- [TASK GOAL]: Retype exactly what appears below from the line containing "A tributary of" down to the line containing "A quarter chicken, flame-grilled", keeping both end lines. Do not include pictures.
--- EXTRACTED RECORDS Enclosed Below ---
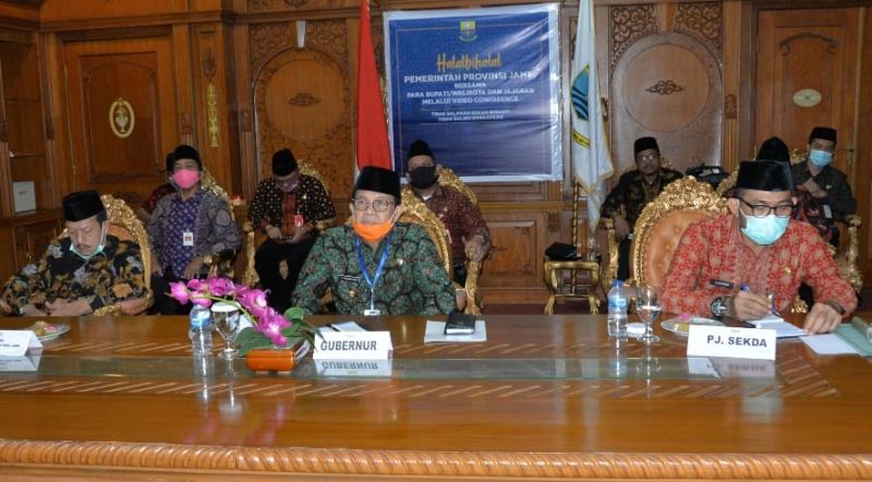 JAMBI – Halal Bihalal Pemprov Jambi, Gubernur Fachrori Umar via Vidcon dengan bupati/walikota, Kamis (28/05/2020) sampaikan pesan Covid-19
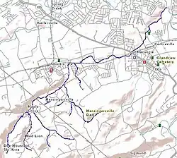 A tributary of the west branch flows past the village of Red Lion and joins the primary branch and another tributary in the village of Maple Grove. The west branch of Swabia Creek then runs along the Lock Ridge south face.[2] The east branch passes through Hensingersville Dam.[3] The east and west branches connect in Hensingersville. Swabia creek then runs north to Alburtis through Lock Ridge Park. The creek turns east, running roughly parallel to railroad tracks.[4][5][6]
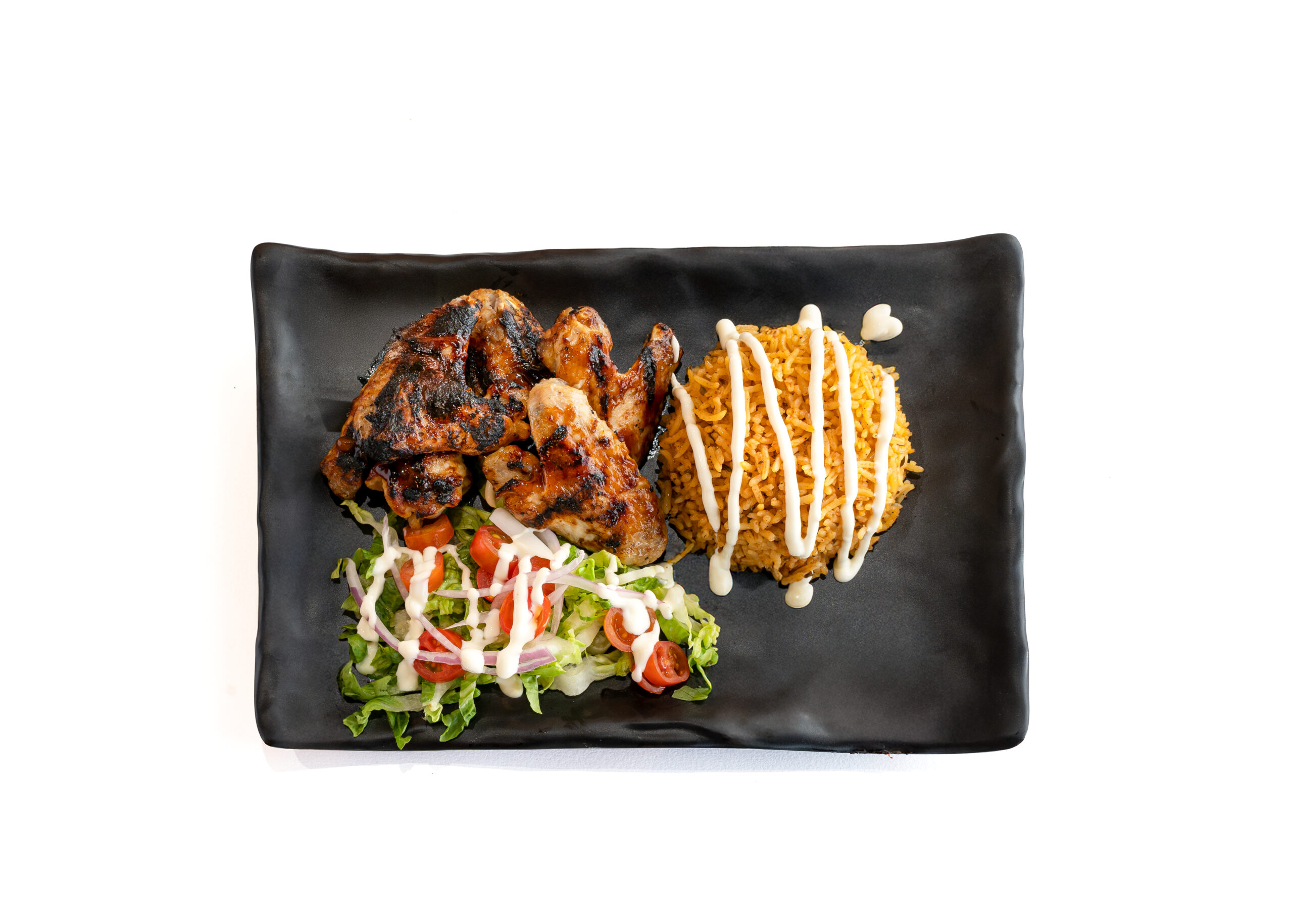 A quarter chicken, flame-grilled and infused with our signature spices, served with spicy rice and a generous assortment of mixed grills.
--- End of Enclosed EXTRACTED RECORDS ---
--- EXTRACTED RECORDS Enclosed Below ---
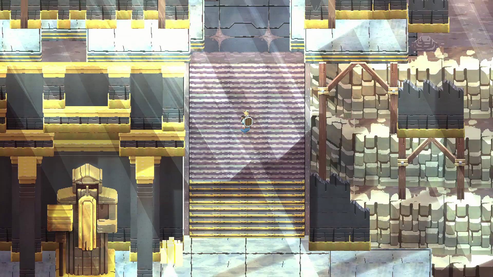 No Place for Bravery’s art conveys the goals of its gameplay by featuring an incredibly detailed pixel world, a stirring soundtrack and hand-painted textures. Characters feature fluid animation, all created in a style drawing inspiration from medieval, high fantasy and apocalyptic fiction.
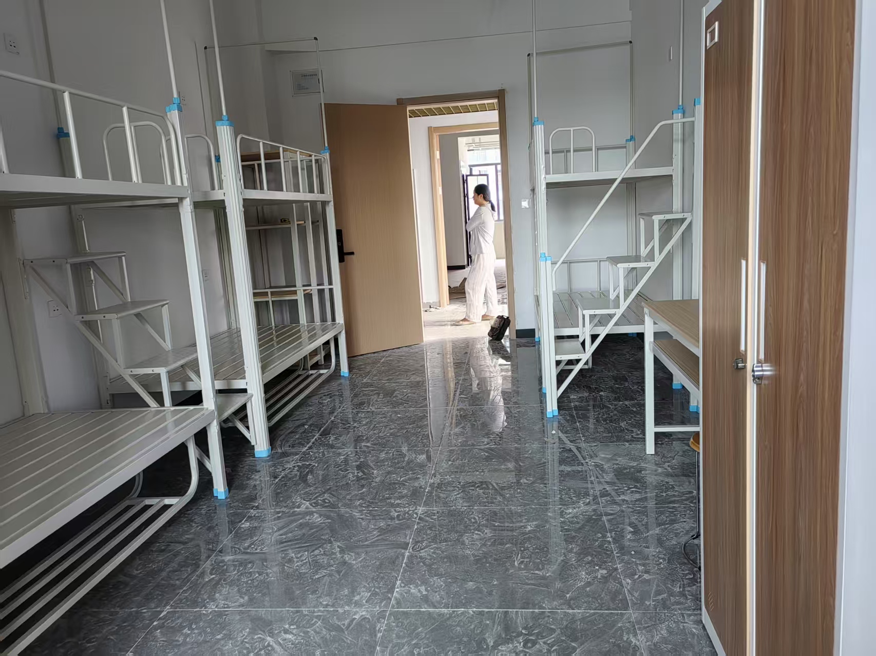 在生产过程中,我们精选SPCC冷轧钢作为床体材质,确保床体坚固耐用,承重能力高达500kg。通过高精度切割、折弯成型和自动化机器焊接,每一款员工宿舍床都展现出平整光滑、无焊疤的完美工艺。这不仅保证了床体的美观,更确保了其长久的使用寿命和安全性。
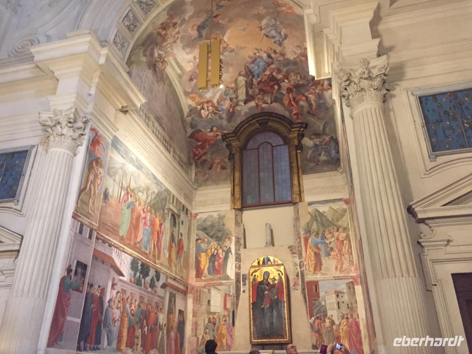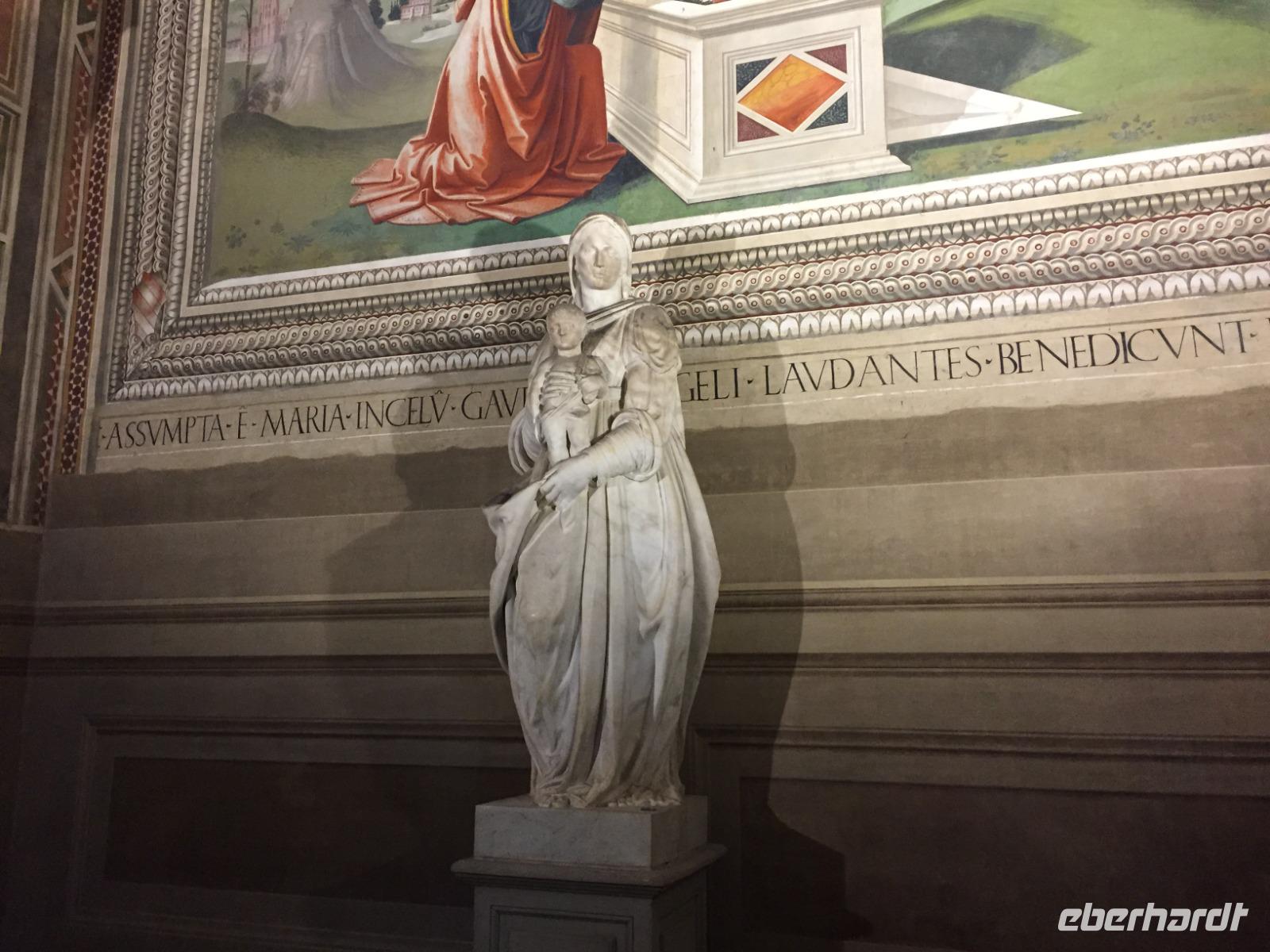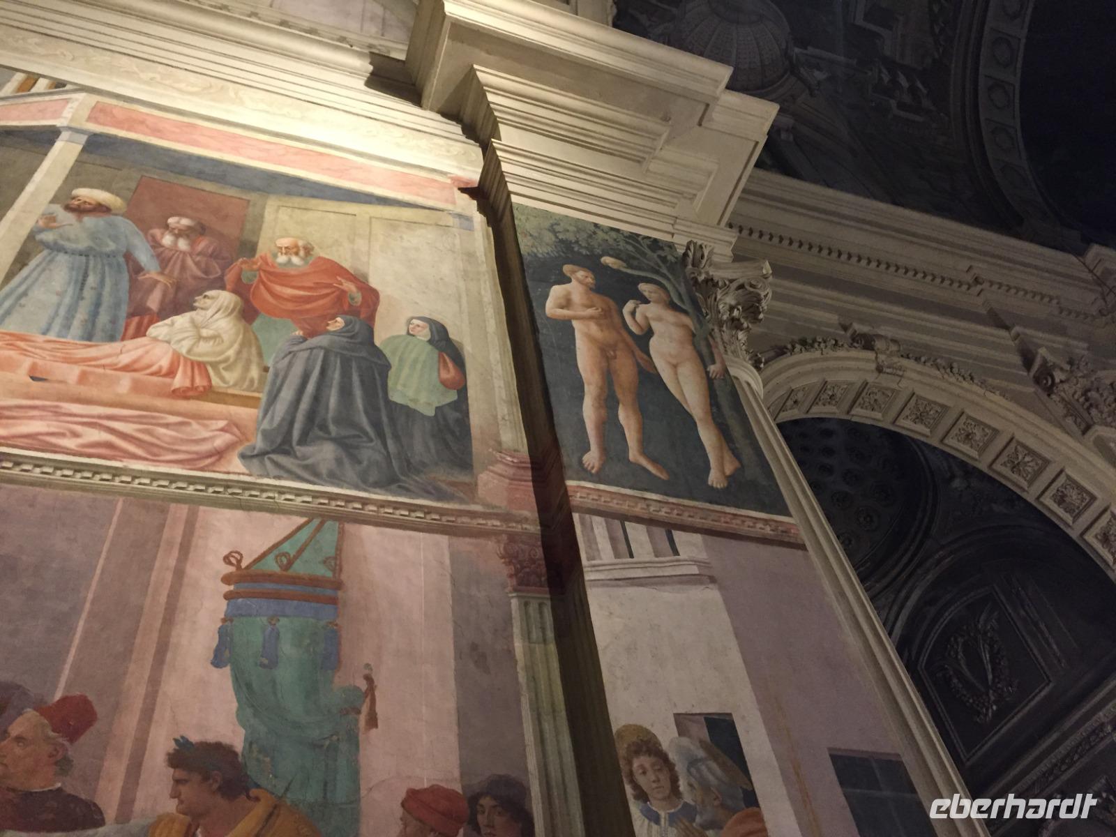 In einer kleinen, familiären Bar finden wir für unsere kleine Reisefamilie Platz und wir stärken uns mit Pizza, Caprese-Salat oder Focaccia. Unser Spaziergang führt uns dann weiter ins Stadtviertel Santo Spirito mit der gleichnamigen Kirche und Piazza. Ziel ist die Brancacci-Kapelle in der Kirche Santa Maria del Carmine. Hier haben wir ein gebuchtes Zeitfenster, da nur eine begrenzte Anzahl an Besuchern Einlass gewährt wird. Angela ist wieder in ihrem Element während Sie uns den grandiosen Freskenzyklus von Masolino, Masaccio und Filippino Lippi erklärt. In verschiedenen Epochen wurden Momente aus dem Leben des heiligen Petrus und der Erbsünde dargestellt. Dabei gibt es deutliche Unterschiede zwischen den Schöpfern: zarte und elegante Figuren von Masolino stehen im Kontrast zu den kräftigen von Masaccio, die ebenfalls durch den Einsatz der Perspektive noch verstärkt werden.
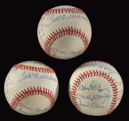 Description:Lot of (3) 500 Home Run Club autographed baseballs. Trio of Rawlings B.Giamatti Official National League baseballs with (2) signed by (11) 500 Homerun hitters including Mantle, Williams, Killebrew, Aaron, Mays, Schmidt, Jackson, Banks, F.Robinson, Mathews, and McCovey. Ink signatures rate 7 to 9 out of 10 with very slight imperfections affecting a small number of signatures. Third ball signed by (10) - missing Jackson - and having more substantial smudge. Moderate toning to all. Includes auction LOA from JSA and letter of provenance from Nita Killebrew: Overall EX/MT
--- End of Enclosed EXTRACTED RECORDS ---
- [SOLUTION FOR THIS PROBLEM]:
 A tributary of the west branch flows past the village of Red Lion and joins the primary branch and another tributary in the village of Maple Grove. The west branch of Swabia Creek then runs along the Lock Ridge south face.[2] The east branch passes through Hensingersville Dam.[3] The east and west branches connect in Hensingersville. Swabia creek then runs north to Alburtis through Lock Ridge Park. The creek turns east, running roughly parallel to railroad tracks.[4][5][6]
 A quarter chicken, flame-grilled and infused with our signature spices, served with spicy rice and a generous assortment of mixed grills.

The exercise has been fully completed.